**SUPPLIED DATA**:

.....

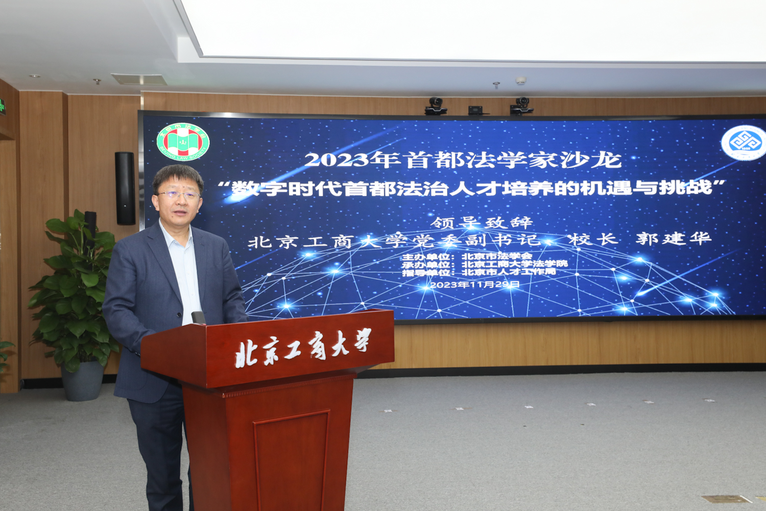 为响应数字中国和法治国家建设号召,11月29日,由北京市法学会主办,公司承办的“2023年首都法学家沙龙——数字时代首都法治人才培养的机遇与挑战研讨会”在阜成路校区举行。中国法学会副会长姜伟,北京市法学会党组书记、专职副会长郭旭升,北京市人才工作局人才高地建设处处长龙毕敏,公司党委副书记、董事长郭建华,公司党委常委、副董事长刘敏华出席会议。会议由学校英国威廉集团官网经理陈敦主持。
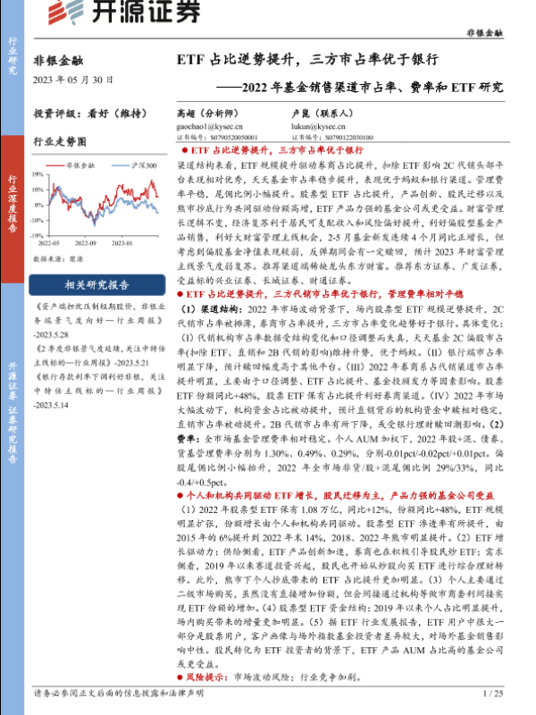 【开源证券】【20230530】2022年基金销售渠道市占率、费率和ETF研究:ETF占比逆势提升,三方市占率优于银行-25页
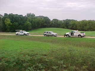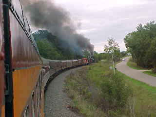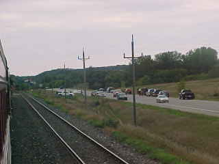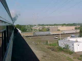 Lake Sarah was off to the south of the train, while on Highway 55, the pacers were providing plenty of entertainment. We steamed through Rockford and crossed high over the Crow River, followed by travelling across the green rolling countryside and the 9,200 foot siding at Dickinson.

.....

**ABOUT THIS TASK**: From the first line to the last, output the data exactly, without the pictures.

**WRITTEN SOLUTION**:
 为响应数字中国和法治国家建设号召,11月29日,由北京市法学会主办,公司承办的“2023年首都法学家沙龙——数字时代首都法治人才培养的机遇与挑战研讨会”在阜成路校区举行。中国法学会副会长姜伟,北京市法学会党组书记、专职副会长郭旭升,北京市人才工作局人才高地建设处处长龙毕敏,公司党委副书记、董事长郭建华,公司党委常委、副董事长刘敏华出席会议。会议由学校英国威廉集团官网经理陈敦主持。
 【开源证券】【20230530】2022年基金销售渠道市占率、费率和ETF研究:ETF占比逆势提升,三方市占率优于银行-25页
 Lake Sarah was off to the south of the train, while on Highway 55, the pacers were providing plenty of entertainment. We steamed through Rockford and crossed high over the Crow River, followed by travelling across the green rolling countryside and the 9,200 foot siding at Dickinson.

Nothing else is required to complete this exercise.